Your goal: Look below for the line that contains "XIX. A. 1619" and the line that contains "Botoșăneanca Tiana Cilibiu", then restate both of them and every line in between, exactly. No picture goes in the copy.

Source data:
=-=-=-=-=
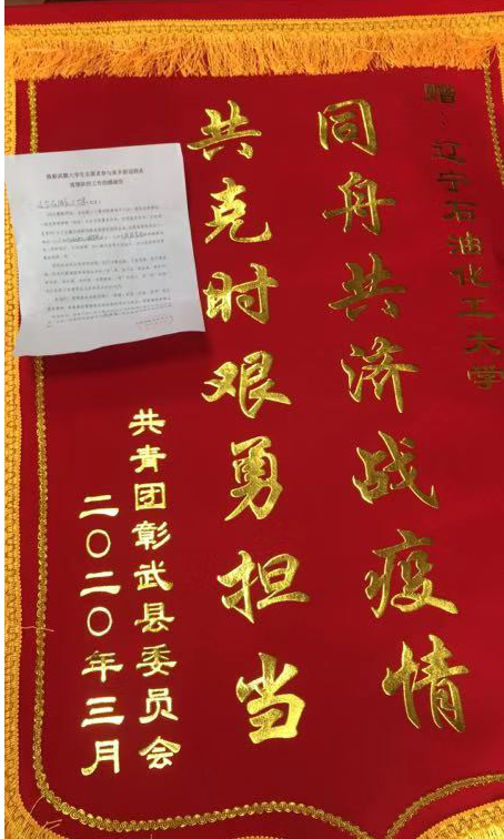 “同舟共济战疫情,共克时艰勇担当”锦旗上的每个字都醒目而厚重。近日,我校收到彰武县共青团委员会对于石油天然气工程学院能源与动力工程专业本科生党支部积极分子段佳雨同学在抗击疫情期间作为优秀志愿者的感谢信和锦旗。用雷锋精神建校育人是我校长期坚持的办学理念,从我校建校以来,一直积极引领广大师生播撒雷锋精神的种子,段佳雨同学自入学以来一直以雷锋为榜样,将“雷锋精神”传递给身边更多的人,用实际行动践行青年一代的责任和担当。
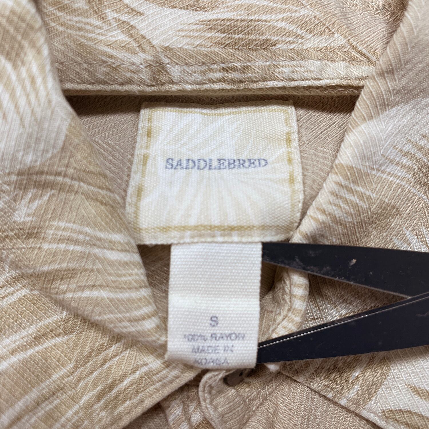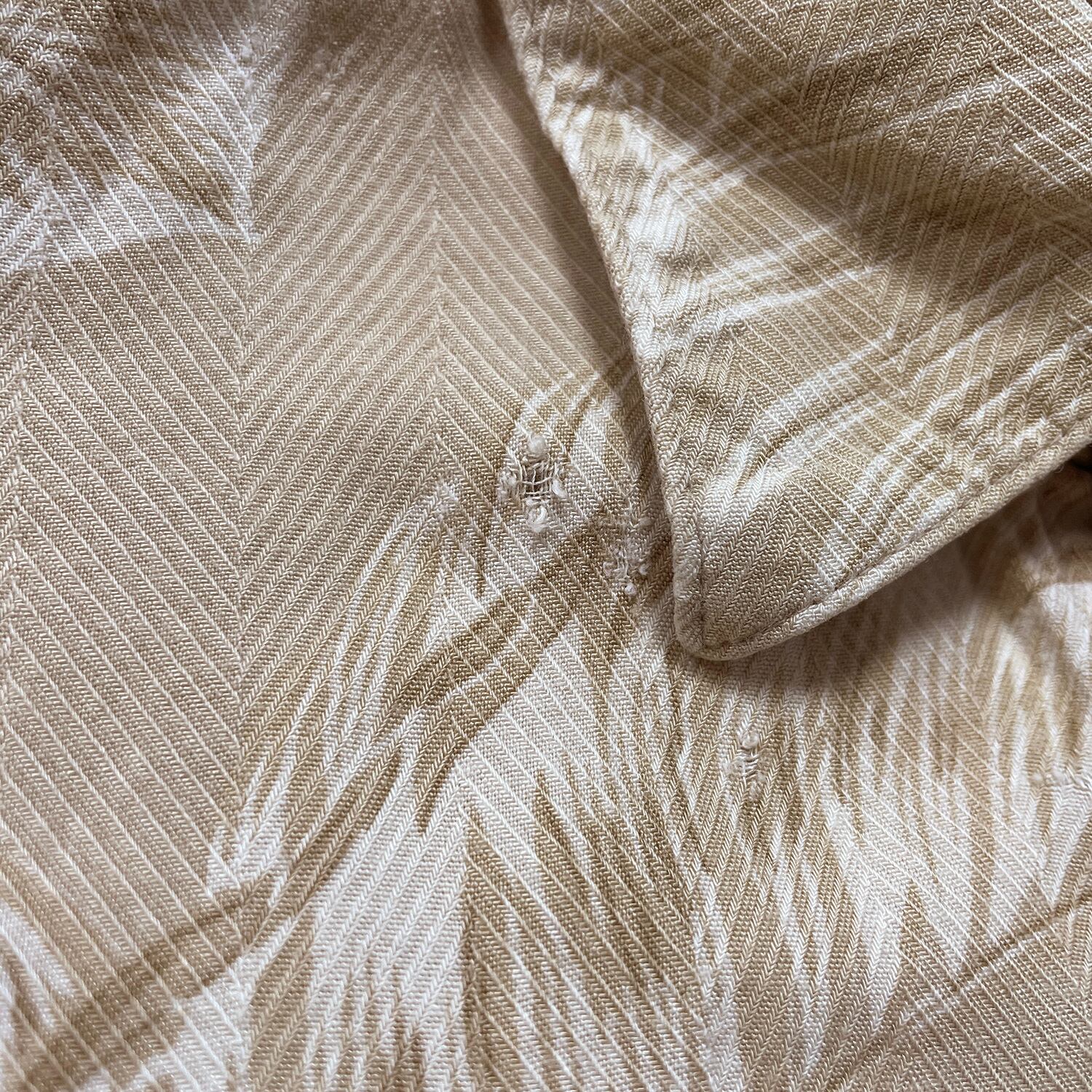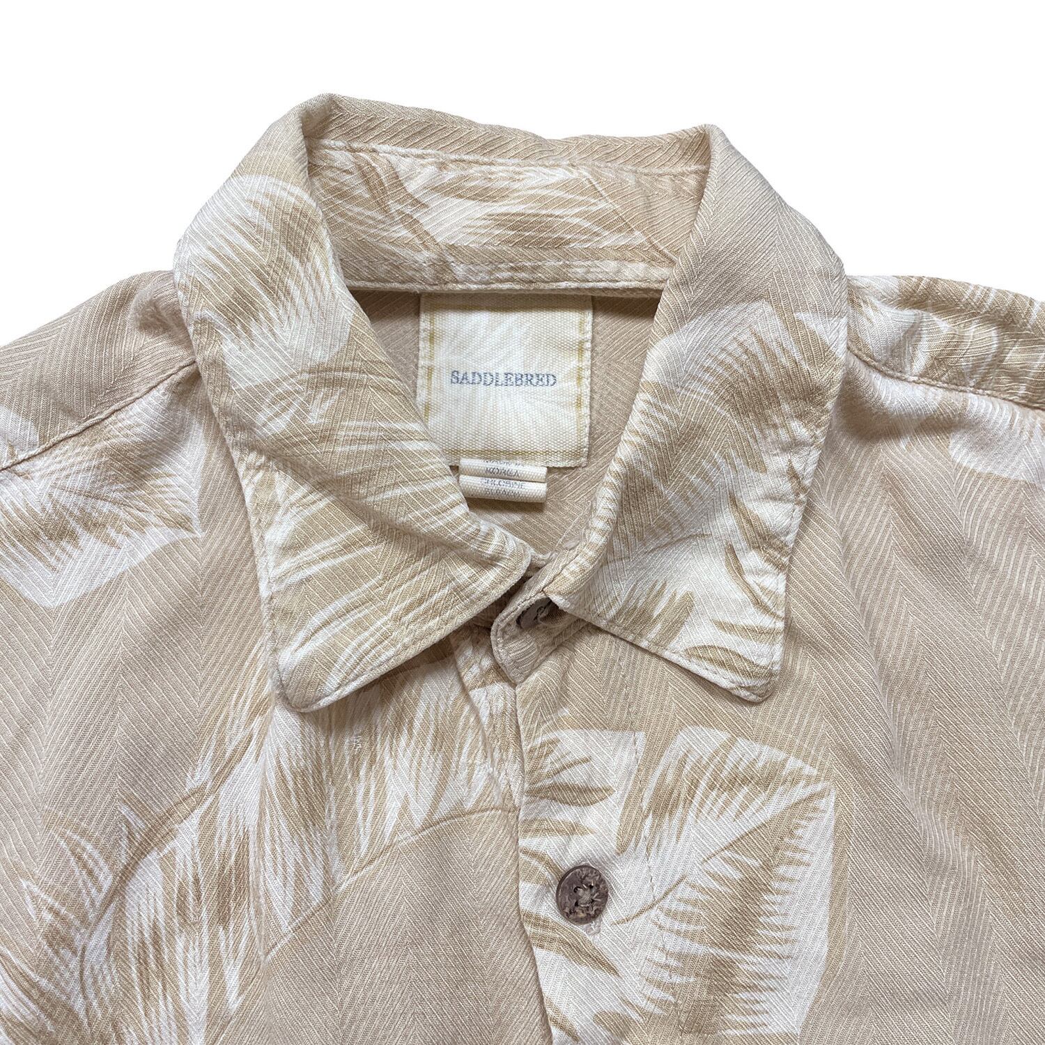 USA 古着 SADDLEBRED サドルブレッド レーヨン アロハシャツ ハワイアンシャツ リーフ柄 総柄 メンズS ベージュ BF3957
=-=-=-=-=
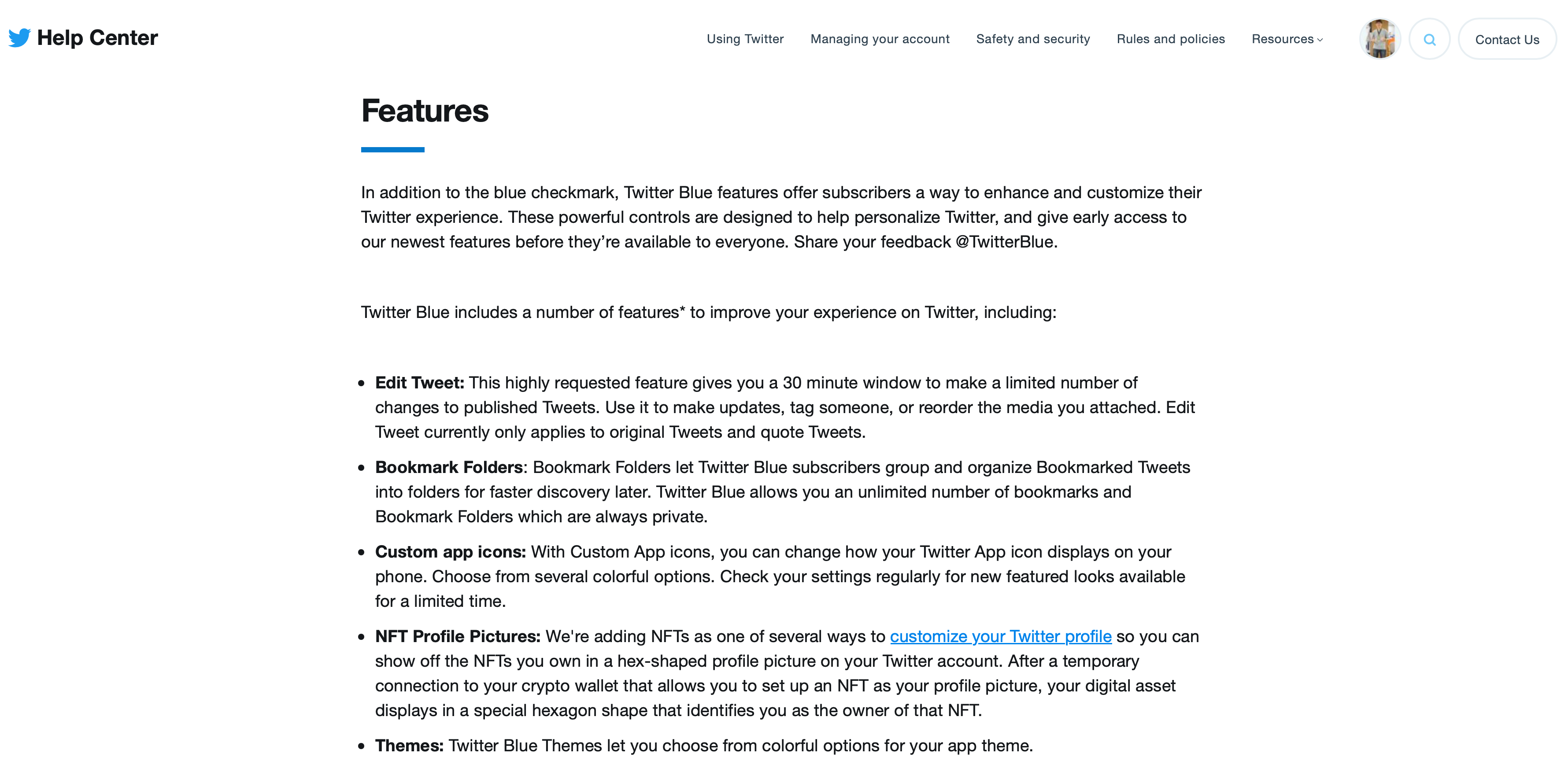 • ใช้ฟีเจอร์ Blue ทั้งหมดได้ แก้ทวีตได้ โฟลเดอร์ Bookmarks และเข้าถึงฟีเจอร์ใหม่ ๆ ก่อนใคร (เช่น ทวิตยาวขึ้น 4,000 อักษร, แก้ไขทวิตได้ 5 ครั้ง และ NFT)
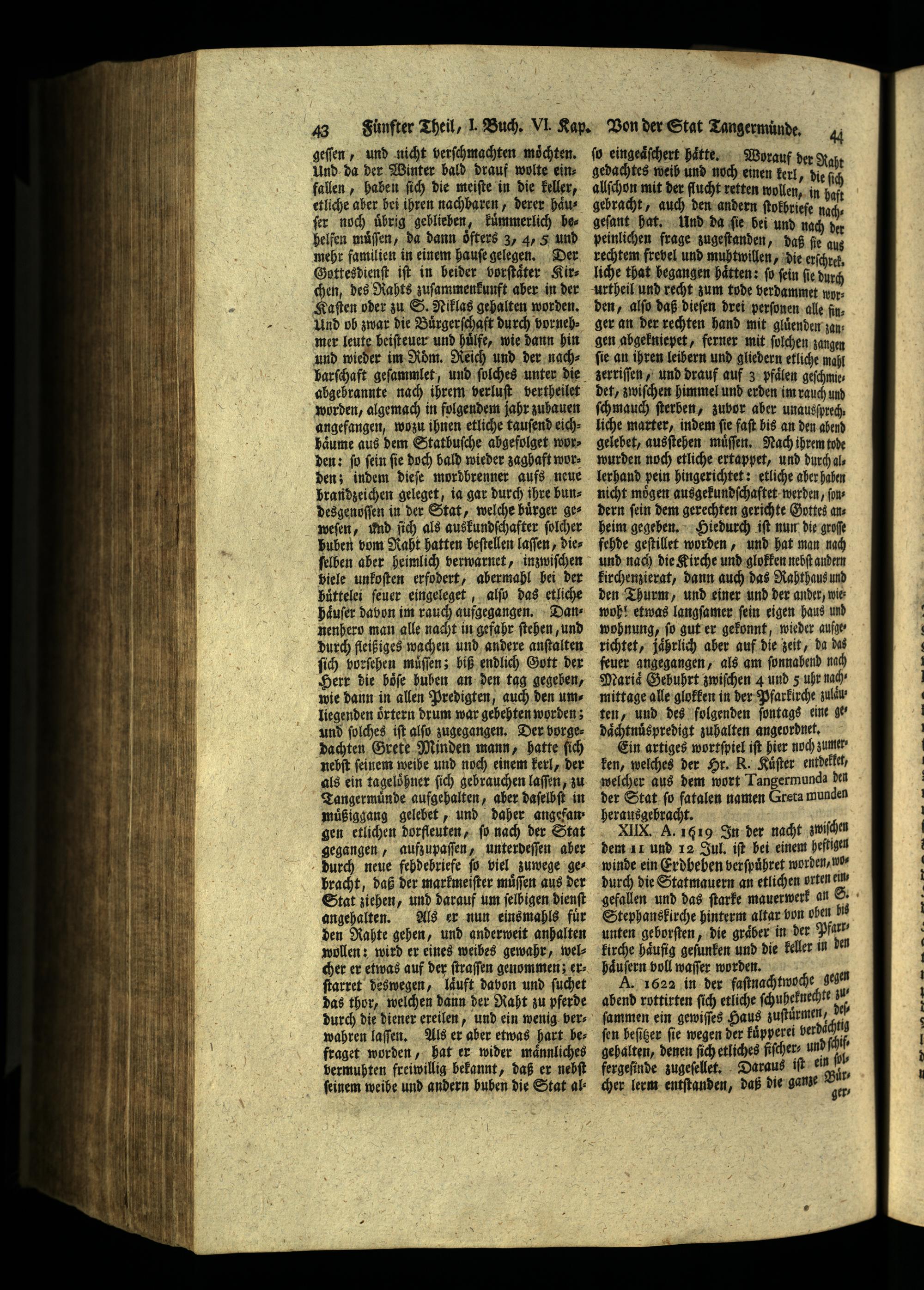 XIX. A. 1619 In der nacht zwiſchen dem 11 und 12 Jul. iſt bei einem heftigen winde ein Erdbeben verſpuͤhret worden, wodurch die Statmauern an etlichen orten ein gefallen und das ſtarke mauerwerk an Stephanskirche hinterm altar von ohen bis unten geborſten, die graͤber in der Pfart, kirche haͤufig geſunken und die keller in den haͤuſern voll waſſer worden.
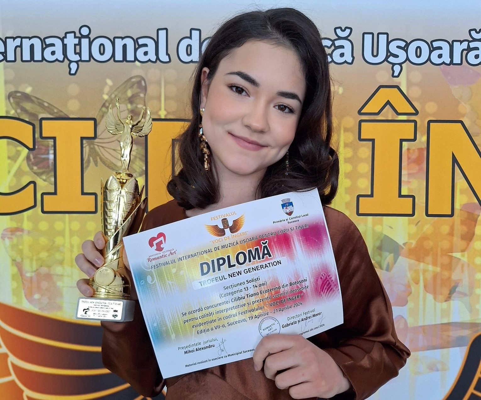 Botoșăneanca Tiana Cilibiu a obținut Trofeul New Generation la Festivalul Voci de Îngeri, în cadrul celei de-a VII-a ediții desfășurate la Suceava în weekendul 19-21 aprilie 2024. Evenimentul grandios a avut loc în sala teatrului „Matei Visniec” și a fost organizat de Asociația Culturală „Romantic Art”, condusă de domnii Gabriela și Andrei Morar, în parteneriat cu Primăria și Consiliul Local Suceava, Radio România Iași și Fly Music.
=-=-=-=-=
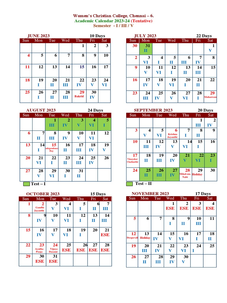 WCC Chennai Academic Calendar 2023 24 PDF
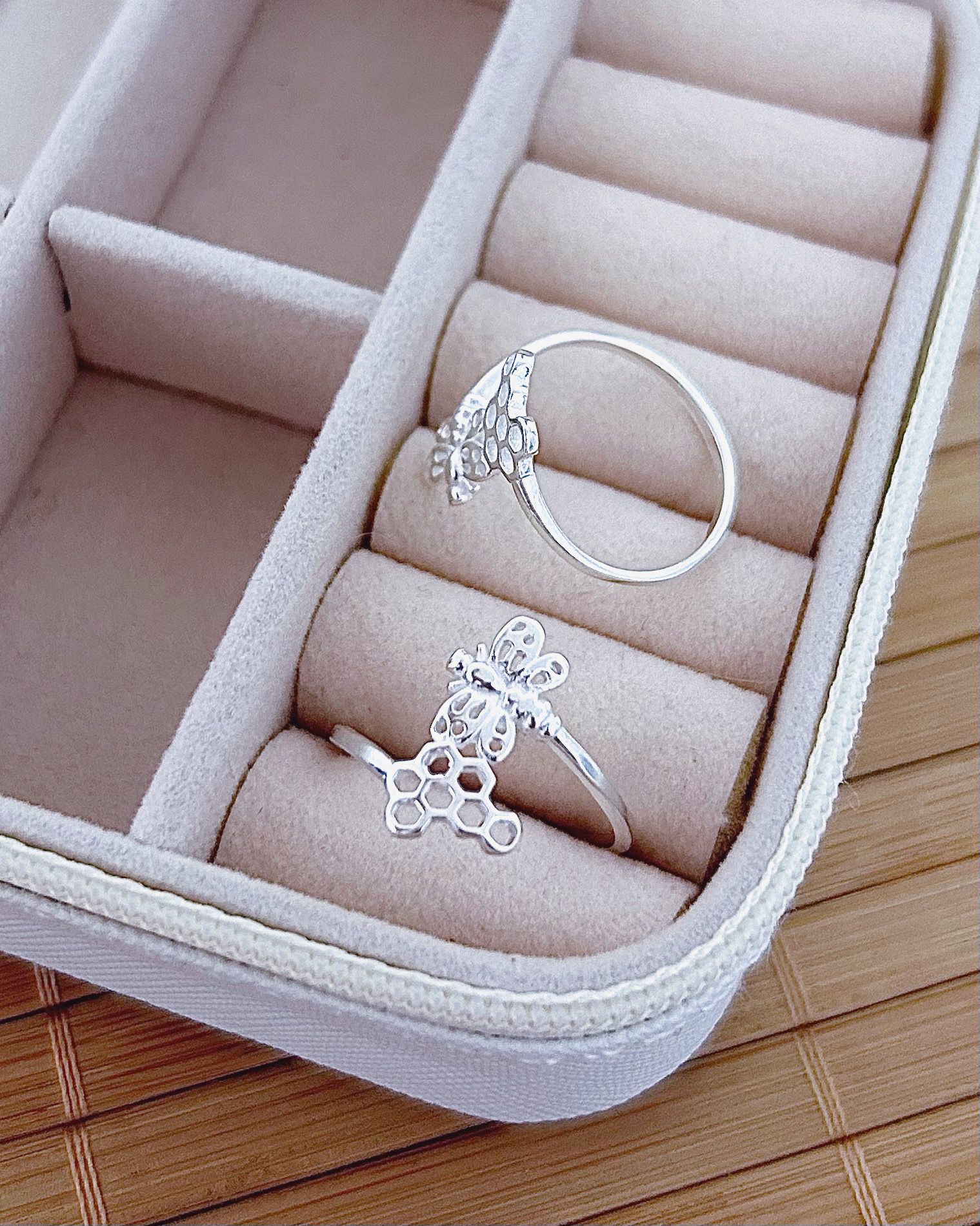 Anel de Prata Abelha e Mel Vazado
=-=-=-=-=
Response:
 XIX. A. 1619 In der nacht zwiſchen dem 11 und 12 Jul. iſt bei einem heftigen winde ein Erdbeben verſpuͤhret worden, wodurch die Statmauern an etlichen orten ein gefallen und das ſtarke mauerwerk an Stephanskirche hinterm altar von ohen bis unten geborſten, die graͤber in der Pfart, kirche haͤufig geſunken und die keller in den haͤuſern voll waſſer worden.
 Botoșăneanca Tiana Cilibiu a obținut Trofeul New Generation la Festivalul Voci de Îngeri, în cadrul celei de-a VII-a ediții desfășurate la Suceava în weekendul 19-21 aprilie 2024. Evenimentul grandios a avut loc în sala teatrului „Matei Visniec” și a fost organizat de Asociația Culturală „Romantic Art”, condusă de domnii Gabriela și Andrei Morar, în parteneriat cu Primăria și Consiliul Local Suceava, Radio România Iași și Fly Music.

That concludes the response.